Assim, muitas vezes ao julgar a conduta social do agente, o juízo usa como parâmetro os valores dos segmentos sociais economicamente mais favorecidos, ou seja, aquele a que, em geral, pertence o próprio magistrado, levando o julgador a ser mais rigoroso na fixação da pena-base dos réus pertencentes a determinados grupos sociais diferentes do seu.

De acordo com Nucci, conduta social "É o papel na comunidade, inserido no contexto da família, do trabalho, da escola, da vizinhança etc. O magistrado precisa conhecer a pessoa que estará julgando, a fim de saber se merece uma reprimenda maior ou menor, daí por que a importância das perguntas que devem ser dirigidas ao acusado, no interrogatório, e às testemunhas, durante a instrução. Um péssimo pai e marido violento, em caso de condenação por lesões corporais graves, merece pena superior à mínima, por exemplo"[4].

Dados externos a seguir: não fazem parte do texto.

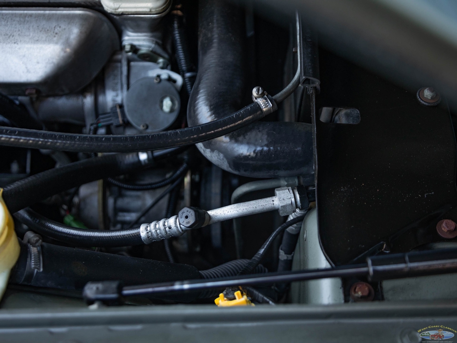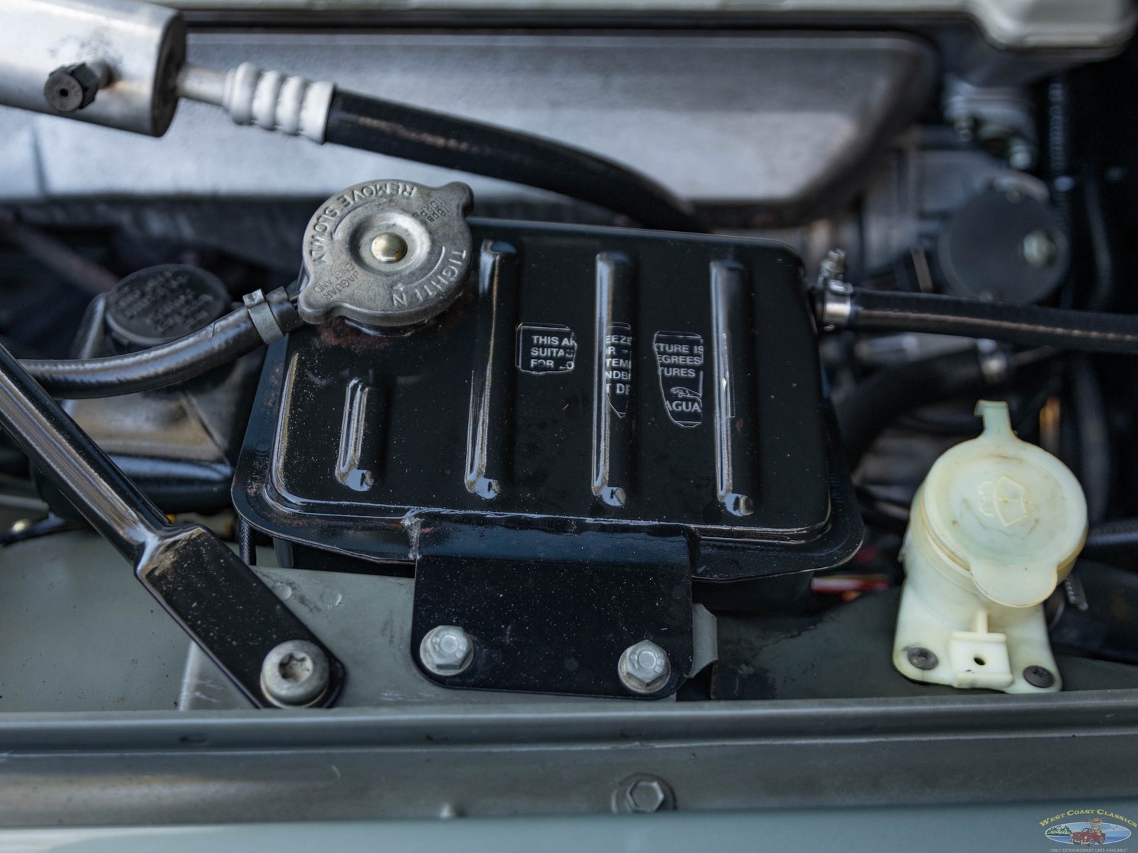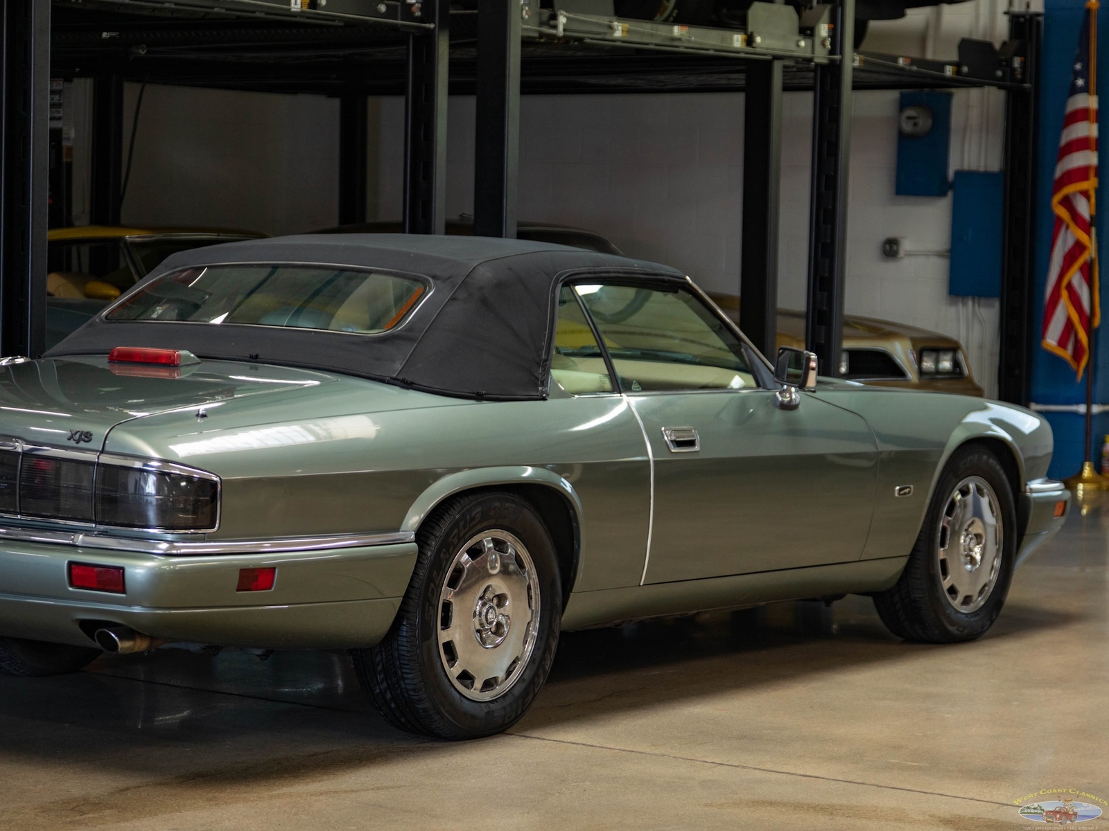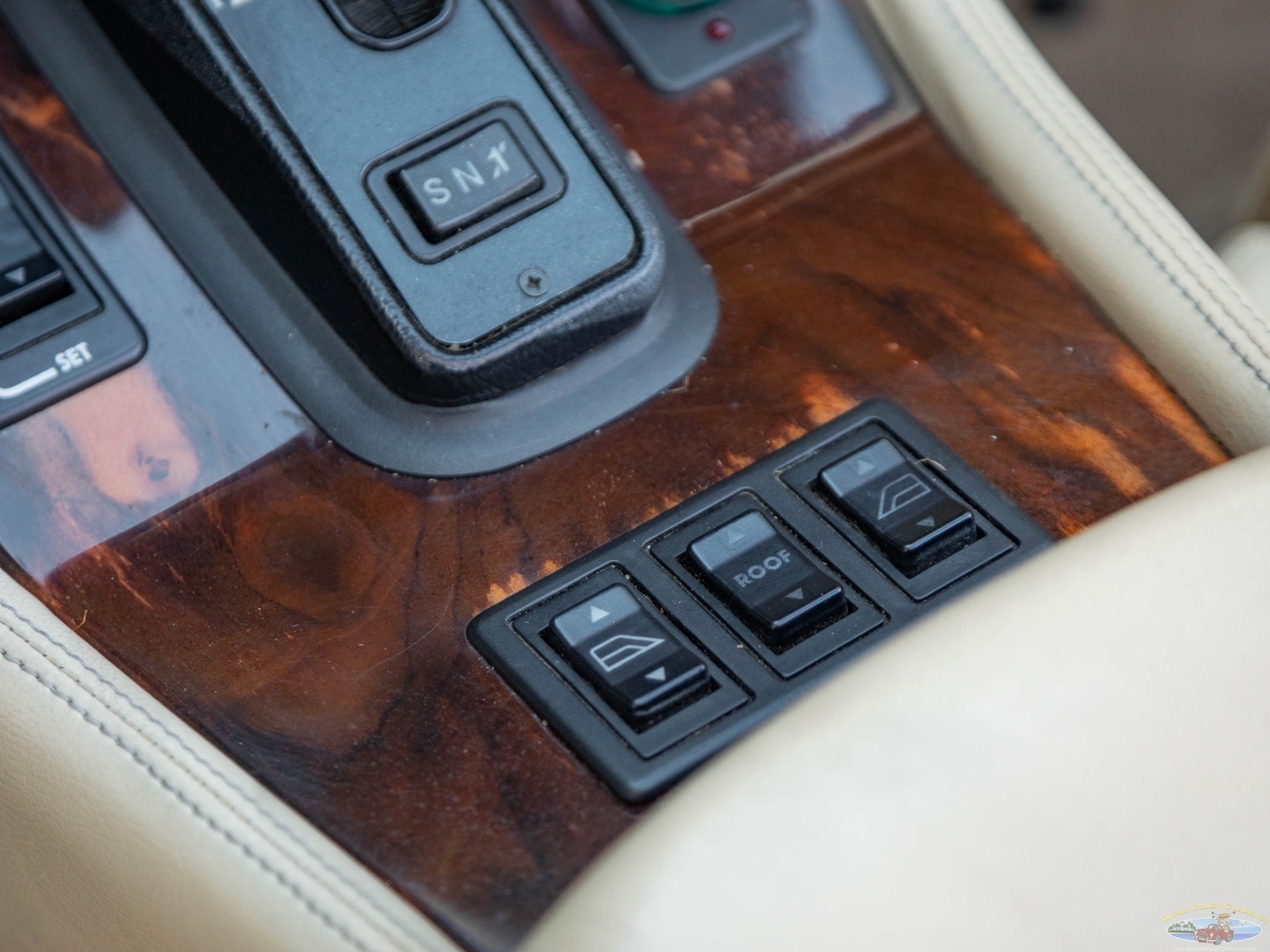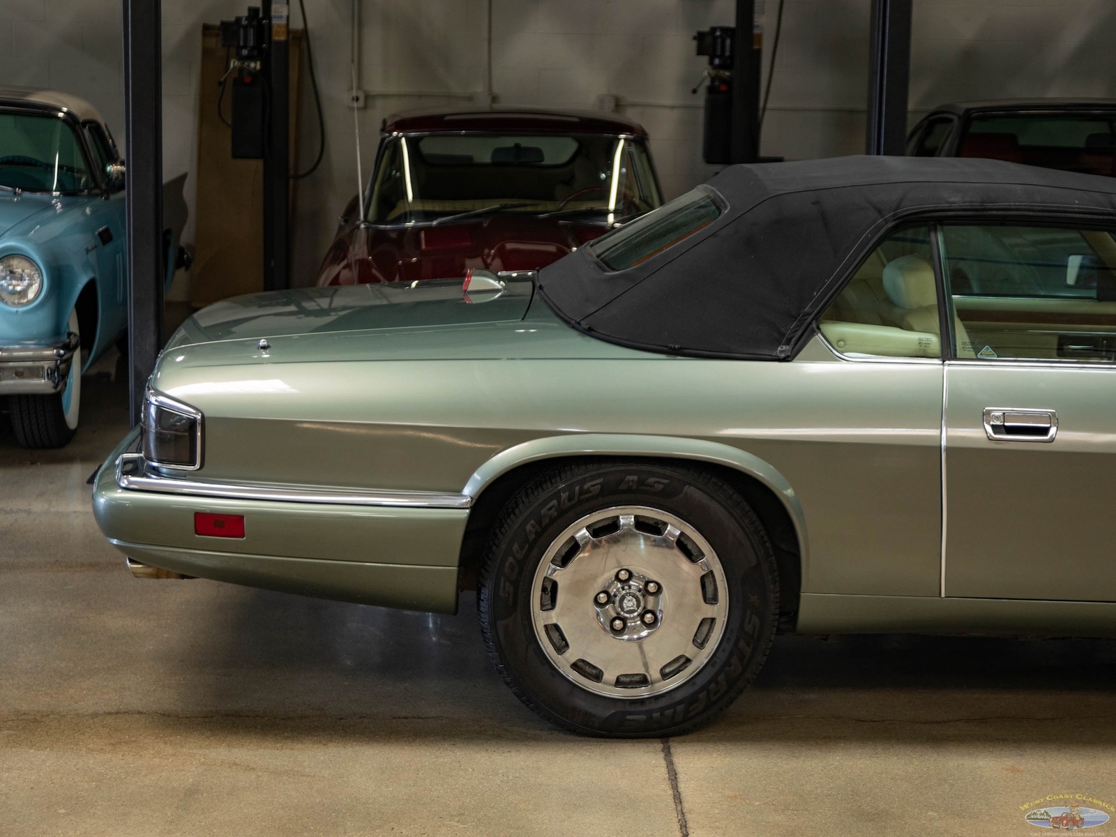 The original factory and very striking 'Jade Green' color paint is in stunning condition and the original 'Cream' color leather seats with 'Light' piping is also in outstanding condition with virtually no signs of any wear and there are no flaws in the dashboard or the walnut veneer, the door panels or the carpets. The soft top is also in exceptional and all original condition. The interior is also completely original with it's 'Jaguar' radio/cassette stereo system with a CD changer in the trunk and all the options and gauges are working as they should including the ice-cold air conditioning!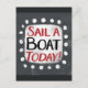 "Sail A Boat Today" ist ein niedliches Textdesign in Grau mit schwarzem und rotem Text. Er sitzt auf einer weißen Akzent-Form und niedliche weiße Polka-Punkte, die ihn umgeben.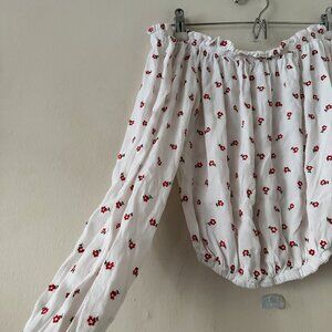 John Galt, floral top, off-shoulder, embroidered, white blouse, NWOT, casual, chic, feminine fashion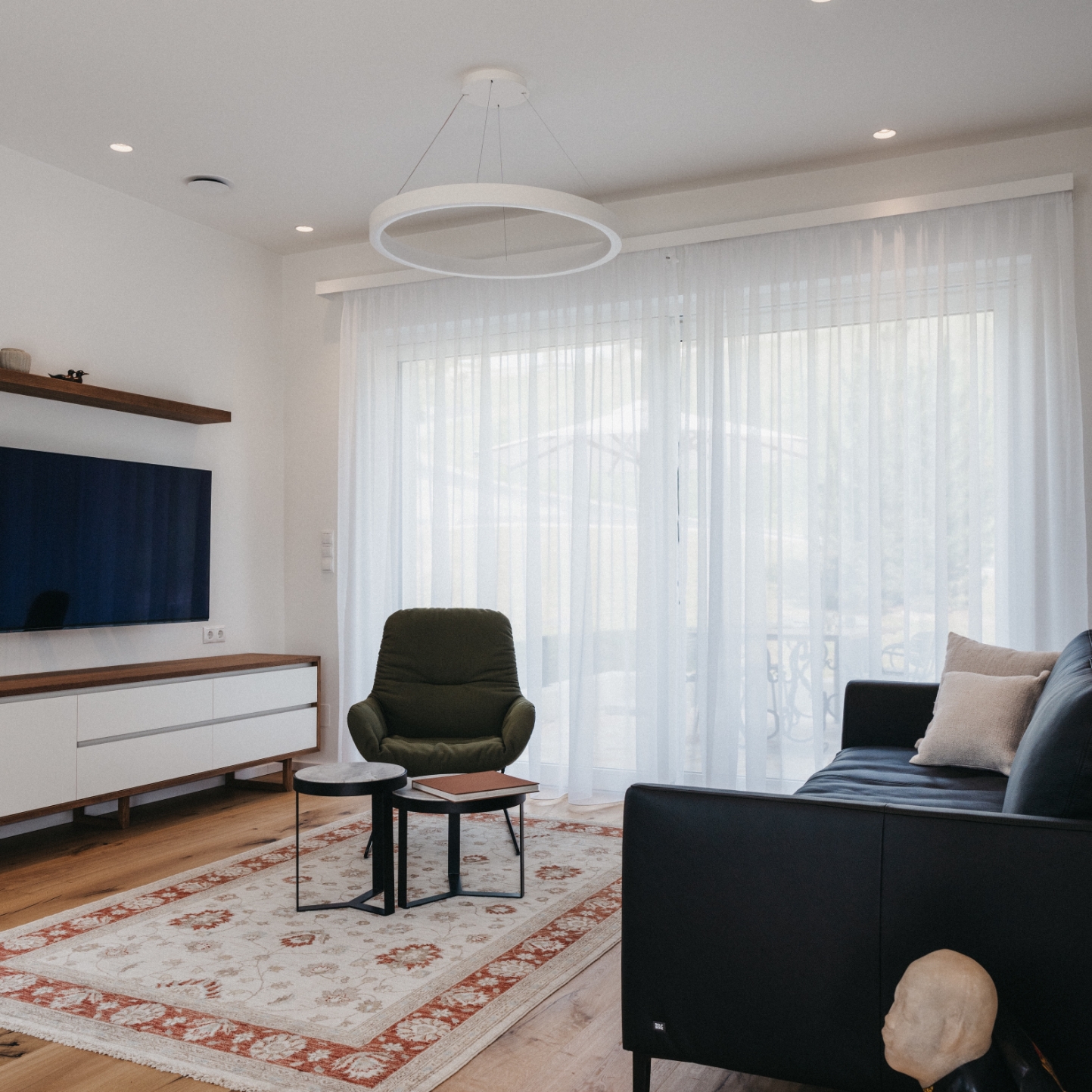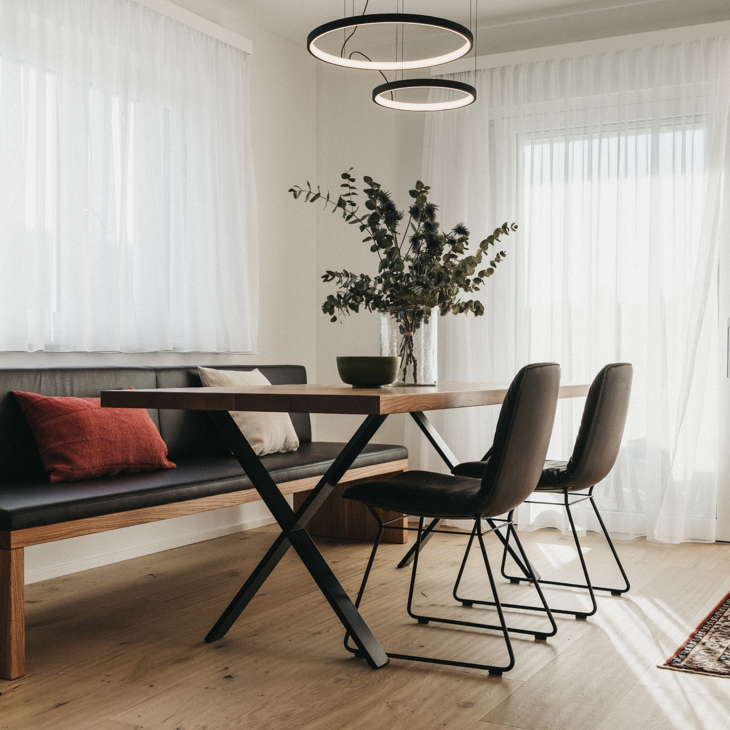 Die modern gestalteten Räume im Erd- und Dachgeschoss bieten viel Platz, erstklassigen Wohnkomfort und ein Ambiente, das zum entspannen einlädt. Im direkt angrenzenden Holzriegelbau befinden sich eine wunderschöne Sauna (klafs) und ein Yogabereich.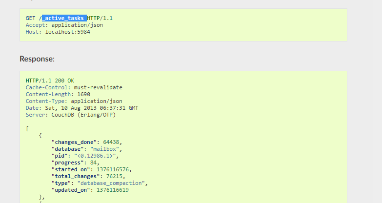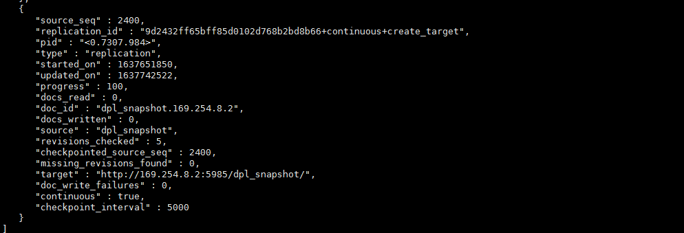 j just migrate my application from 1.6.1 to 2.3.1 find my couchdb GET /_active_tasks HTTP/1.1 no process field as telled in the document, so any guys can tell me how to know couchdb sync state in a timepoint, in the past i just use process field.  2.3.1  1.6.1  -- This is an automated message from the Apache Git Service. To respond to the message, please log on to GitHub and use the URL above to go to the specific comment. To unsubscribe, e-mail: [email protected] For queries about this service, please contact Infrastructure at: [email protected]

José Eulálio de Almeida[5] elenca exemplos desses parâmetros, obtidos a partir das provas dos autos que servem de base para o juízo acerca da conduta social, dentre os quais:

“A tendência do réu ao trabalho ou ao ócio, a sua afetividade ou desprezo para com os familiares, o prestígio e a respeitabilidade de que goza perante as pessoas, o seu entretenimento predileto, se frequenta clubes sociais, ou se prefere a companhia constante de pessoas de comportamento suspeito, frequentando locais de concentração de delinquentes ou lupanares, seu grau de escolaridade, seu interesse pelos estudos, bem como seu relacionamento com funcionários, professores e diretores do estabelecimento escolar que frequenta”.

Assim, a conduta social como critério de fixação da pena, toma por base elementos não tipificados relativos exclusivamente aos costumes do autor.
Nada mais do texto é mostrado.